Taurianova è il ricordo dei giorni dell’infanzia, di quei giorni che furono (e anche di quegli altri allora segnati, che mai saranno), trascorsi fra persone care (che via via vediamo scomparire precedendoci nel viaggio del mistero), fra cose piacevoli, in parte irrimediabilmente perdute, che solo i ricordi della memoria riescono a far rivivere, proprio come in un inesauribile “museo d’ombre”.
Taurianova è la terra dei paradossi, che meglio rendono l’idea del concreto, dove finzione e realtà hanno un confine cosi labile da confondersi e, dunque, fondersi.
Nessuno sa né può capire, se qui non ha radici, quanta ”essenza” stia dentro l’uomo di Calabria, nel suo essere e sentirsi tale, nella sua rassegnata rassegnazione al dolore, nella sua atavica sofferenza, nel suo occulto (ma non troppo) desiderio di trasgressione della regola, legale o morale che sia.
Il detenuto apprezza più d’ogni altro il gusto della libertà, poiché ne è privato, così come il vegliardo ama quella gioventù, un tempo sottovalutata, dopo averla vista irrimediabilmente svanire.
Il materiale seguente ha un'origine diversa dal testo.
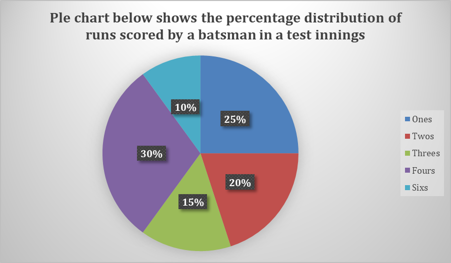 The following Pie chart shows the percentage distribution of runs scored by a batsman in a test innings.

Il calabrese apprezza il gusto della trasgressione, per godere, oltre i margini della legalità, il piacere del proibito.
E‘ questa una componente primaria di quella cultura araba, qui radicata, che si avverte, ma non si vede, perché vedere non si deve.
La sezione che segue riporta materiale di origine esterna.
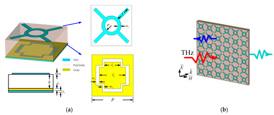 To solve these problems, phase-change materials (PCM), for instance, graphene [30,31], liquid crystal [32], and vanadium dioxide (VO2) [33], have attracted extensive attention due to their unique electromagnetic and optical performances that can be directly controlled by adopting external excitations, making them a potential new way to manipulate THz waves. Among them, VO2 is more preferable to implement a dynamic modulation response in THz frequencies for its electrical and optical characteristics near room temperature. VO2 can achieve an ultrafast [34] and brutal reversible metal–insulator transition (MIT) from insulator to metal provoked by thermal [35], electrical [36], or optical [37] stimuli. Although the active modulation can be faster and more efficient if excited by the electrical or optical method as compared to thermal excitation, electrical stimuli need a complex biasing network and then, the fabrication difficulty would increase significantly in the THz regime. Meanwhile, the external laser source is required for applying the optical method, making the operating system bulky and the cost high. Thus, thermal excitation is an ideal choice for modulating the property of VO2. There is a dramatic variation in the electrical and optical performance during the phase transition (4–5 order of magnitude change on the electrical conductivity ), so VO2 is a promising candidate in tunable MM devices at THz frequencies to achieve excellent modulation characteristics. Therefore, VO2 is of crucial importance and can be employed in THz devices to tailor various performances. Indeed, a lot of research fields have been focused on VO2-based tunable devices to obtain adjustable and switchable functions, such as reconfigurable THz filters [38,39,40], polarization converters [41,42,43], tunable THz absorbers [44,45,46], and so on. However, to the best of our knowledge, few works have been presented to achieve multiple functionalities that can be dynamically adjusted in THz devices.

Provate a trovarvi nei vicoli stretti e sinuosi, posti nel cuore antico d’ogni città o paese: uomini e donne appaiono, scompaiono, riappaiono come in una sequenza scenica, quasi come in un gioco d’ombre cinesi, e ciascun ”intruso“, senza che se ne accorga, in ogni suo passo è vigilato, controllato, pedinato.
Essere calabresi significa prima di tutto, in ogni caso, essere un po’ diversi dagli altri, qualunque sia il senso che a questa diversità si voglia attribuire.
Ma essere calabresi o taurianovesi vuol dire anche non perdersi le albe e soprattutto i tramonti, tutto vi sembrerà il frutto di una terra incantata e magica.
Ai crampi allo stomaco rispondete con un pane appena tirato fuori dal forno a legna, che gusterete ancor di più dopo averlo tagliato a metà e farcito con olio d’oliva, origano, pepe rosso, e una fetta di formaggio pecorino.
Fermatevi, come mia moglie, presso una delle tante bancarelle all’aperto per gustare, secondo la stagione, e comunque sempre accarezzati dal sole tutto l’anno una fetta d’anguria, o una succosa arancia, oppure per addentare una mela, che vi somiglierà a quella di Adamo…
Dissetatevi ad una fontanella o cercate un chiosco per farvi servire “na spremuta” di limone in uno spruzzo di acqua seltz, con l’aggiunta di una punta di sale che ha anche un effetto apotropaico.
Se vi trovate in difficoltà, rivolgetevi a un anziano: porrà al vostro servizio la proverbiale ospitalità, senza chiedervi nulla, nemmeno il vostro nome, ed avrà già dimenticato il vostro volto prima che cerchiate di ringraziarlo invano: sarà già sparito.
Ma soprattutto inforcate bene gli occhiali della mente per ammirare quel che la Calabria è più propensa a lasciar vedere agli intenditori: i suoi tesori nascosti.
Non stranizzatevi dunque se, in cerca, magari in qualche bottega museo, d’antichi oggetti, finirete, senza volerlo, con l’essere ammaliati dalla voce e fulminati dalla forza degli occhi di qualche leggiadra fanciulla del posto, o col ritrovare, strada facendo, la sirena Ligea, oppure con l’imbattervi nella innocente ninfa Scilla o nel disperato Glauco.
Capita, più spesso di quanto non osiate immaginare.